Renate Künast im Interview:"Wir bleiben auf dem Teppich"

Keine "Elite-Partei", sondern Vertreter der "kreativen Klasse": Fraktionschefin Renate Künast über das neue Wählerklientel der Grünen - und warum die Partei auch für Schichtarbeiter und Migranten attraktiv ist.

C. von Bullion und M. Bauchmüller

SZ: Frau Künast, bei den Grünen jagt eine gute Umfrage die nächste, in Berlin liegen sie mit 27 Prozent schon vor der SPD. Wie erklären Sie sich das?

Grüne erstmals stärkste Kraft in Berlin

Die doppelte Fraktionschefin - bald mit doppeltem Gewicht? Renate Künast kann sich freuen: Die Umfragen prophezeien ihren Grünen immense Zugewinne.

(Foto: dpa)

Künast: Mit der Glaubwürdigkeit und Verlässlichkeit grüner Politik. Es hat auch damit zu tun, dass die Mitte der Gesellschaft sich verändert hat. Ob Sie die Krankenschwester, den Akademiker oder den Facharbeiter nehmen: Sie alle zählen zum werteorientierten Bürgertum. Die Grünen sind eine Partei, die an diesen Werten systematisch und nicht nach Klientelinteressen festhält.

SZ: Viele sehen die Grünen als Partei akademischer Eliten und Gutverdiener.

Künast: Schön wär's, wenn eine gute Ausbildung hieße, sofort einen Job zu haben und gut zu verdienen. So ist es aber leider nicht. Ich sehe uns nicht als Vertreter einer Elite, sondern wir machen Politik fürs ganze Land - für die sogenannte "kreative Klasse" ebenso wie für die Schichtarbeiter, die nicht sagen: Zuerst komm' ich und die Steuersenkung.

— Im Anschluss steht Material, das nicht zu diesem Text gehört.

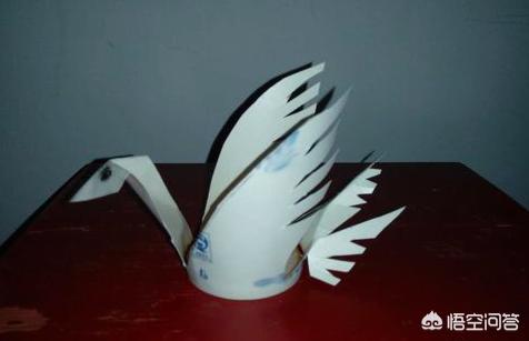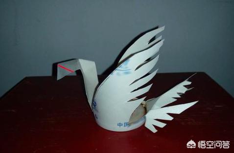 7、翅膀与尾巴部分的羽毛样子剪出来后,适当调整下尾巴与头部的位置,使其向下弯曲有一定弧度。没特殊要求,这里注意头部从中间折叠下,再在合适位置反折叠,以这出头的样貌。后在头部红线处使用剪刀剪除。

SZ: Im Ostteil Berlins kommen die Grünen immer noch deutlich schlechter an als im Westteil. Warum?

Künast: Das hat - wie in allen neuen Bundesländern - mit der Geschichte zu tun. Dort verfügen die Grünen nicht über die historischen Wurzeln wie im Westen. Aber das ändert sich. Auch in den neuen Ländern erkennt man, dass grüne Politik Zukunft und Arbeitsplätze schafft.

"Wir hatten als erste ein Intergrationskonzept"

SZ: Großstädtische Milieus sind oft auch Einwanderermilieus. Die Grünen haben sich um deren Probleme lange nicht weiter gekümmert.

Künast: Als die Diskriminierung von Ausländern besonders scharf war, war es richtig, zunächst die Interessen von Migranten zu vertreten. Aber wir haben gelernt, dass dazu auch gehört, etwas zu fordern: dass sie lernen müssen, die deutsche Sprache zu beherrschen, sich weiterbilden und ihre Kinder dabei unterstützen. Wir waren die ersten, die ein schlüssiges Integrationskonzept hatten.

SZ: Und was macht man mit denen, die sich weigern, sich zu integrieren? Wo die Kinder kaum Chancen haben, frühzeitig richtig Deutsch zu lernen?

Künast: Da hilft nur eins: Umwerben, umwerben, umwerben, sowohl die Eltern als auch die Kinder. Wir können Bildung interessant machen, so dass Kinder sagen: Ich will auch da hin, wo mein Nachbarskind ist. Wir müssen in Vereine und Religionsgemeinschaften gehen. Wir Grüne haben immer Ganztagsschulen gefordert. Wir müssen Kindergärten personell so ausstatten, dass jedes Kind altersgemäß entwickelt in die Schule kommt.

SZ: Das kostet viel Geld, aber das Land Berlin, wo die Probleme besonders drängen, ist pleite. Was werden Sie als Spitzenkandidatin vorschlagen?

Künast: Die Berliner Grünen arbeiten jetzt an ihrer programmatischen Aufstellung. Ende des Jahres werden Personalentscheidungen getroffen. Mehr sage ich dazu auch jetzt nicht.

SZ: Glauben Sie, dass die Grünen in Berlin stärkste Kraft werden?

Künast: Wir bleiben trotz aller guten Umfragen auf dem Teppich. Zu Übermut besteht kein Anlass. Aber es ist schon beachtlich, dass wir während der Banken- und Finanzkrise bundesweit bei 10,7 Prozent standen, und das ohne Regierungsperspektive, und jetzt so hohe Zustimmung erfahren. In der bürgerlichen Mitte bewegt sich viel, aber auch bei jungen Frauen, die Beruf und Familie verbinden wollen. Die sagen: "Die Grünen gehen da ganz pragmatisch ran." Finde ich gut.